# Corrupt USB drivers



## routonc37 (Sep 9, 2008)

OS: Windows Vista 32 Home Premium, 32 bit

Computer: Acer Aspire laptop

The USB ports on my son's computer no longer work. They will not read anything, including a USB powered mouse or an external hard drive. According to my son, the mouse stopped working a few days ago. 

The device manager shows a yellow triangle with an exclamation mark at all USB ports. Under properties, it says this: 

Windows cannot load the device driver for this hardware. The driver may be corrupted or missing. (Code 39)

I have tried to reload the drivers but Windows says it's updated already. I have searched and found a registry fix by deleting the upper / lower filters, but it didn't work either. 

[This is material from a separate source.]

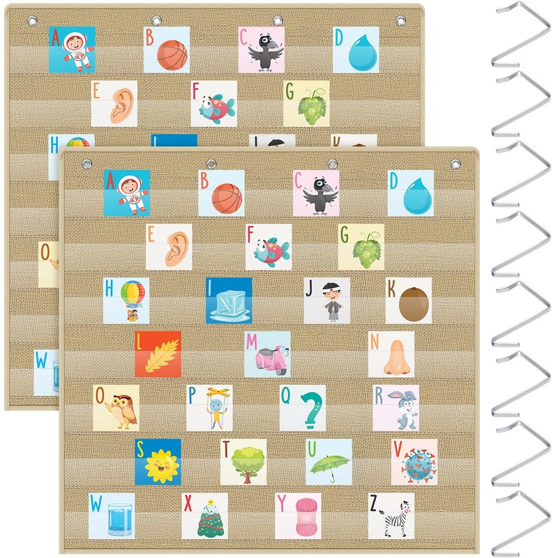 - Set Includes: 2 pocket charts with 4 sturdy metal cable loops, equipped with 8 hooks, measuring about 28 x 28 inches/ 71 x 71 cm, suitable for hanging on walls, doors, whiteboards or most standard chart stands; It also fits on an upright chart frame for easy portability
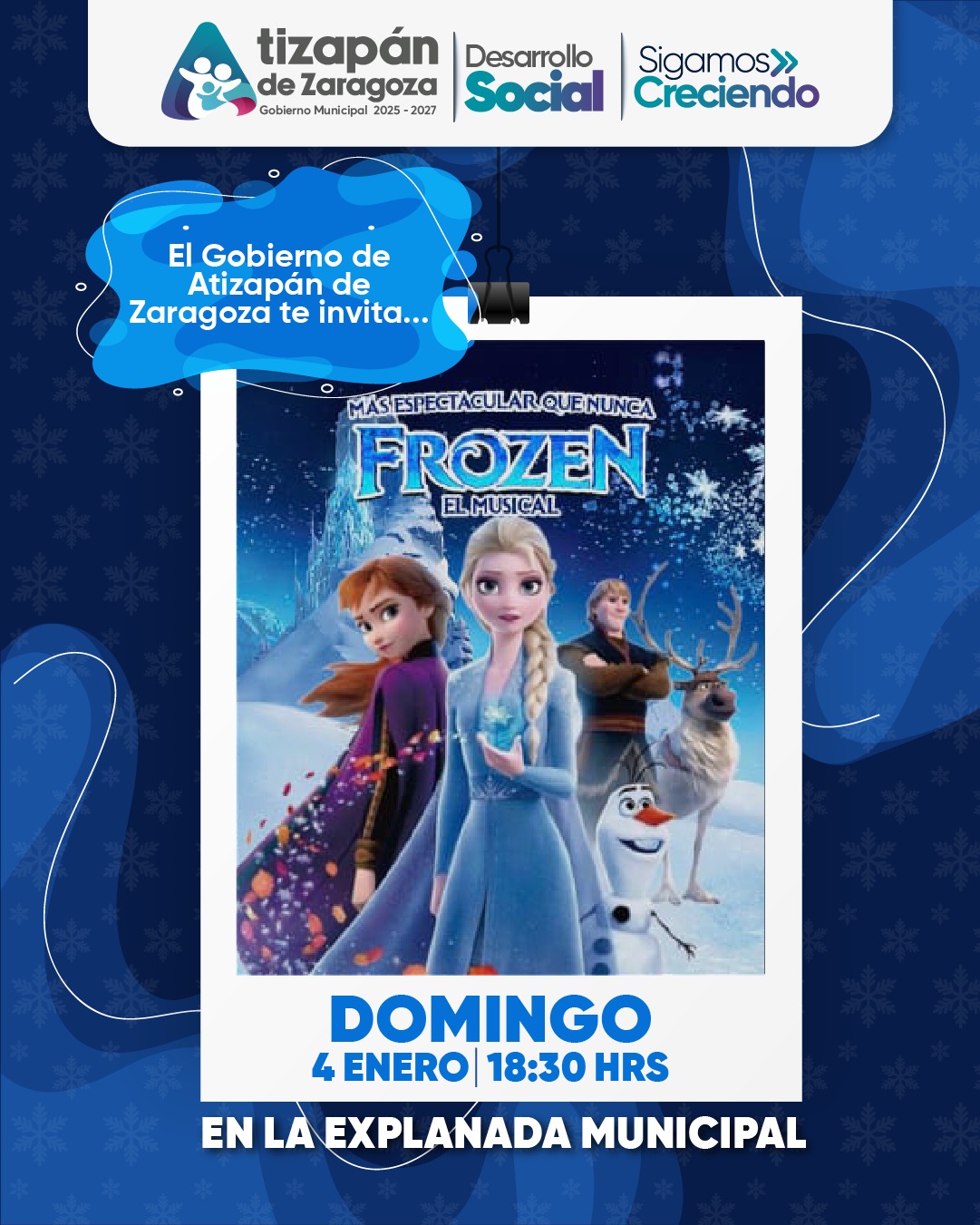 Mientras que el domingo 4 de enero, en el mismo horario, Frozen el musical pondrá a cantar a chicos y grandes con una presentación llena de emoción y música para las familias que acudan a disfrutar de las atracciones decembrinas, instaladas en la Explanada Municipal. Todas las actividades que se llevan a cabo con motivo de las fiestas decembrinas son abiertas a las y los atizapenses de todas las edades y son completamente gratuitas.

I went to the Acer website and downloaded the USB driver but it didn't do anything either. I've done all I know how to do. 

Any other advice would be helpful. 

Thanks. 

Christina


----------



## JimE (Apr 16, 2009)

You can try removing/deleting all of the USB devices listed under "Universal Serial Bus controllers". Then reboot. Windows should find the hardware and reinstall the drivers.


----------



## routonc37 (Sep 9, 2008)

I have done that already. Windows will boot and will try to install them, and then give me an error message saying the drivers cannot be installed. 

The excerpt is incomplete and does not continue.